South Korea's birth rate fell to a record low last year, the government said Wednesday, despite having poured billions of dollars into efforts to encourage women to have more children and maintain population stability.

The country has one of the world's longest life expectancies and lowest birth rates, a combination that presents a looming demographic challenge.

Neighbouring Japan is grappling with the same issue, and on Tuesday the fast-ageing nation announced that the number of births there had also dropped to a new low in 2023.

South Korea's fertility rate — the number of children a woman is expected to have in her lifetime — dropped to 0.72 in 2023, down nearly eight percent from 2022, according to preliminary data from Statistics Korea.

This is far below the 2.1 children needed to maintain the current population of 51 million, which at these rates will nearly halve by the year 2100, experts estimate.

The government has spent vast amounts on trying to encourage more babies, offering cash subsidies, babysitting services and support for infertility treatment.

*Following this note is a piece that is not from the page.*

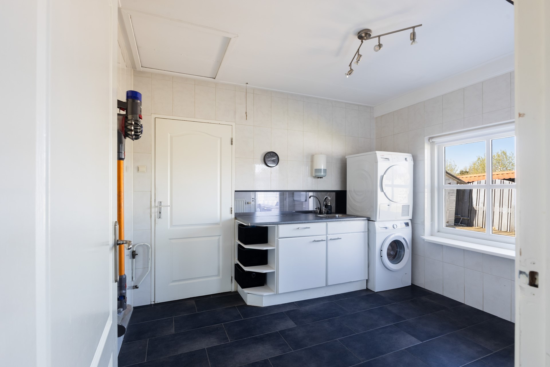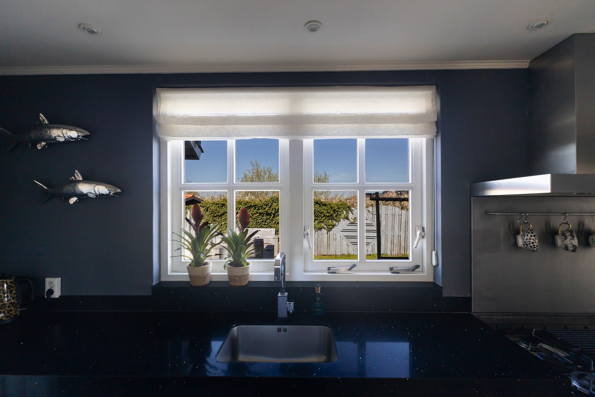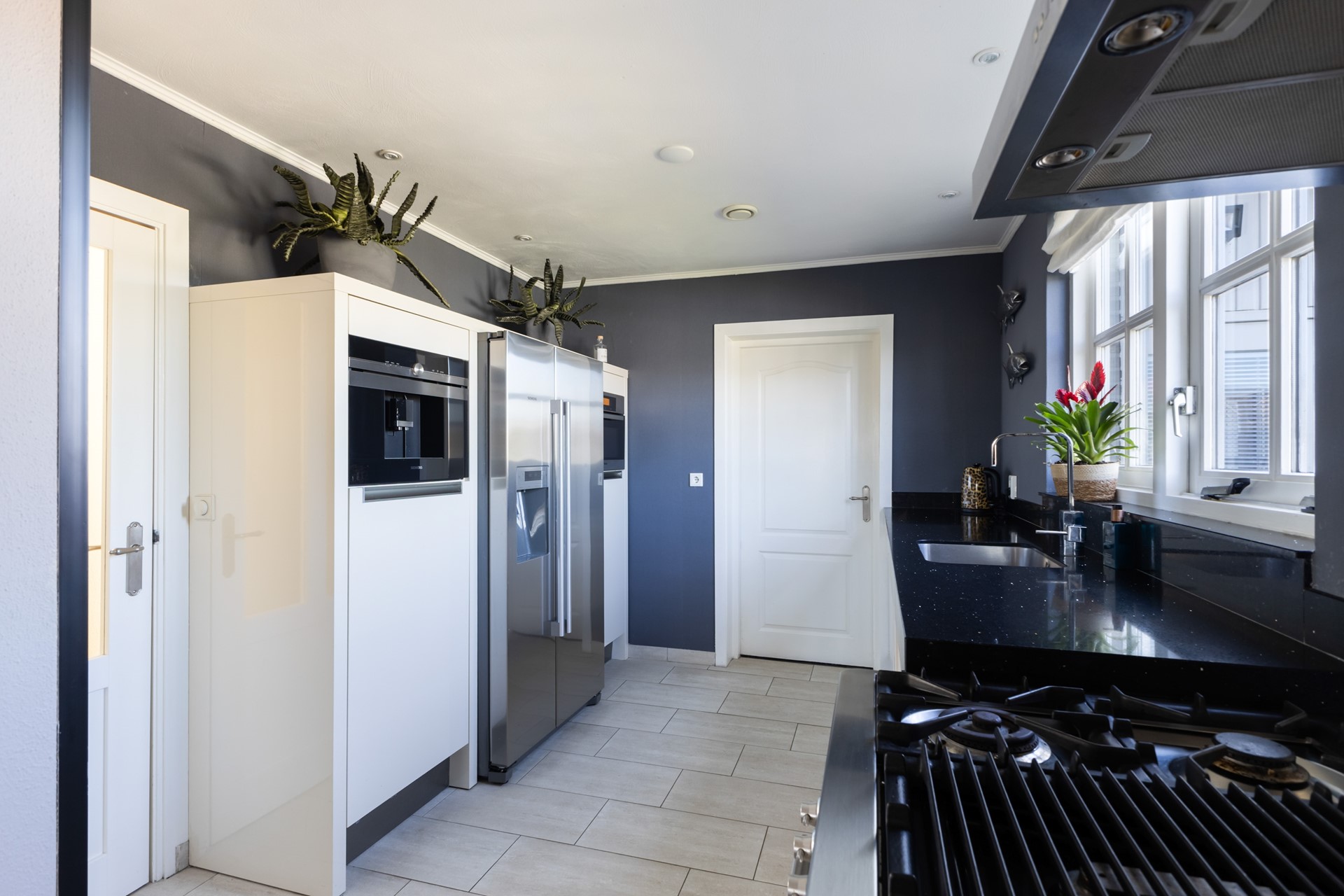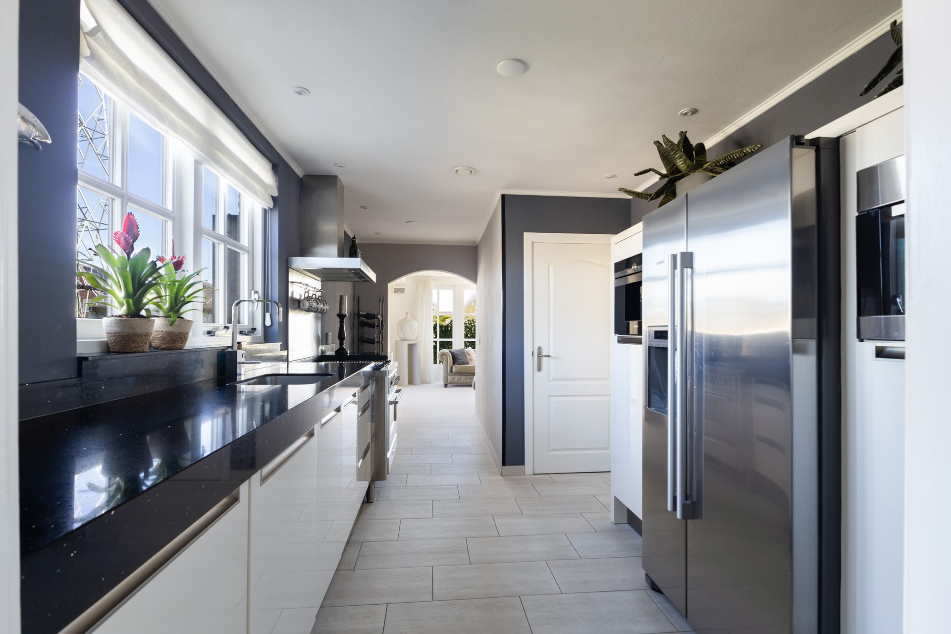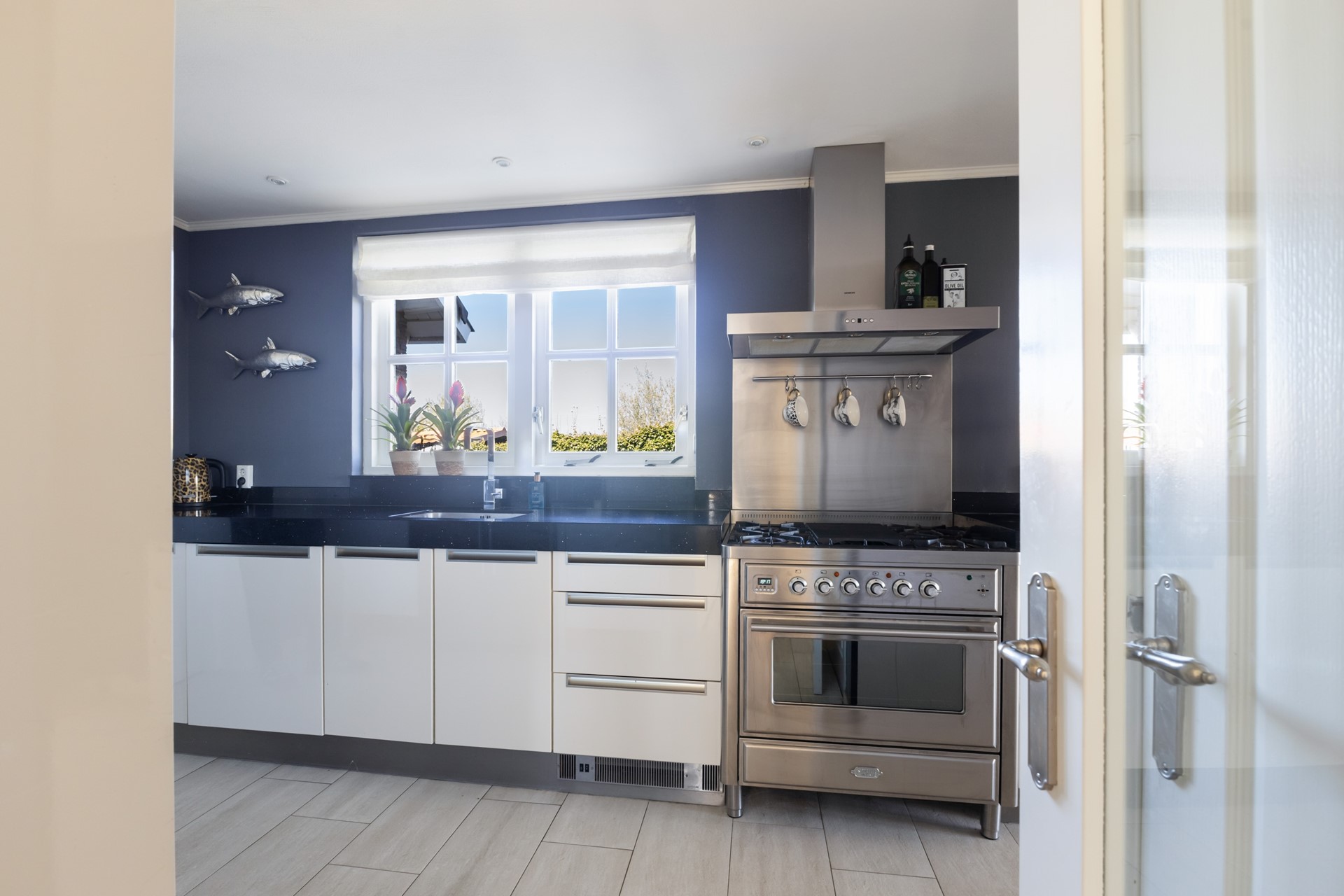 Aansluitend bevindt zich een aparte eetkamer, ideaal voor lange avonden tafelen met familie of vrienden. De halfopen keuken is luxe uitgevoerd en voorzien van onder andere een Borretti‑gasfornuis met grillplaat, dubbele koelkast/vriezer met ijsblokjesmachine, vaatwasser, combimagnetron en een inbouwkoffiezetapparaat. De keuken beschikt daarnaast over een ruime kelderkast, ideaal voor extra voorraad of opbergruimte. Vanuit de keuken is de bijkeuken bereikbaar, met extra bergzolder, aansluitingen voor wasapparatuur en de cv‑installatie.

But the birth rate has continued its chronic decline.

"The number of newborns, birth rates, and crude birth rates (newborns per 1,000 people) are all at the lowest point since 1970" when data collection began, said Lim Young-il, head of the Population Census Division at Statistics Korea.

Lim told reporters that South Korea's 0.72 birth rate is the lowest among OECD nations, while the average age to give birth is 33.6, the highest in the OECD.

 Career 'sacrifice' 

Experts say multiple factors, from high child-rearing costs to a notoriously competitive society that makes well-paid jobs difficult to secure, are behind low...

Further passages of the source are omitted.